Authors: Lauren Belfer
Tags: #Fiction, #Mystery, #Romance, #Contemporary, #Historical, #adult
• • •
On the way back, Millicent sat between her aunt and me, holding our hands. Her breathing seemed normal, but her palm was moist and clammy against mine. Her hair was properly pinned up, her clothes only a bit disarrayed. We made our way peacefully down the river as if we’d all been on an outing: a midnight picnic in the woods. The Talberts had decided not to let the police question her, at least not now. They wanted to take her home. So a contingent of police stayed behind to gather evidence at the elevator while we returned to the scows.
As we journeyed, Millicent was silent, her expression blank, her eyes terribly wide and somehow vacant. Yet she must have registered what she saw, for she turned her head when we passed a child with a dirty face (whether male or female, I couldn’t tell) who stood alone at the water’s edge. Millicent watched the child until we were too far away to see it anymore.
“Perhaps you’d best help at the Talbert house, Louisa,” Mr. Rumsey said to me when we landed opposite the Chinaman’s lighthouse.

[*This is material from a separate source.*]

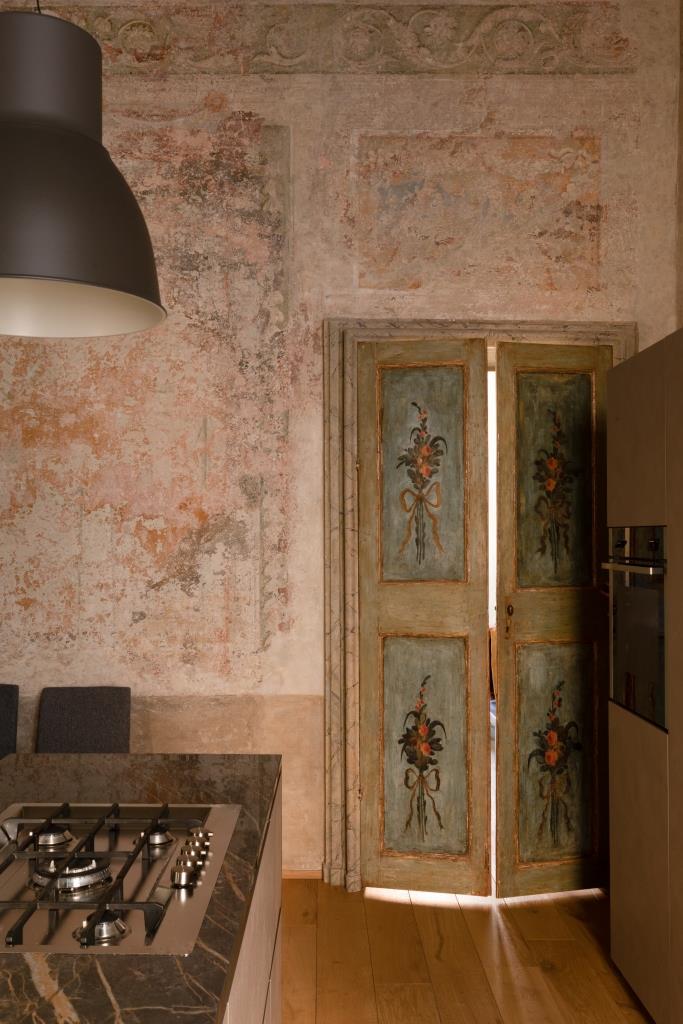 È un viaggio nel tempo Contrada San Domenico, appartamento al piano nobile di un palazzo del XVII secolo a Mantova, nel centro storico, restaurato da Francesca, responsabile comunicazione, e Luigi, giurista a Palazzo Chigi. Varcato l’ingresso, si resta subito affascinati dai magnifici affreschi portati alla luce durante il restauro, uno scrigno di testimonianze artistiche che vanno dal Seicento all’Ottocento.

At this instruction—Mr. Rumsey’s “perhaps” was always an order—the Talberts nodded in silent acquiescence. When I entered the Talbert carriage I felt anxious. It was unheard of for a lady of my race to visit a home in the Talberts’ community. The Talberts themselves glanced at me guardedly, while Millicent stared straight ahead, oblivious.
Standing at the window of the carriage and watching her, Mr. Rumsey sighed. “Well, William, you may want an officer to accompany you home. In case there’s any …” He didn’t say “trouble,” but we knew what he meant. “And Millicent may wish to offer a statement. Later.” He studied her vacant face. “After she’s rested. There’s no telling—” He paused, seeming at a loss. “Well, the perpetrators may have …”
The Talberts glanced at one another with understanding, and Mr. Talbert said, “Thank you, Mr. Rumsey, but no.” Because of race, Mr. Talbert would always address Mr. Rumsey formally, whereas Mr. Rumsey would say “William,” not simply “Talbert” as he would for Milburn or Albright. “I think it best that the formal investigation end here. Millicent is obviously shaken but otherwise unharmed—more than we hoped for or expected. We will speak with her later, when the moment seems propitious. I will let you know what she says. There’s no point bringing the police to our home. I assure you, our friends are … around us,” he said meaningfully. “And undoubtedly the journalists would follow the police, creating a
cause célèbre
which would bring little justice and most likely produce similar incidents as people come to recognize the … possibilities of such endeavors.”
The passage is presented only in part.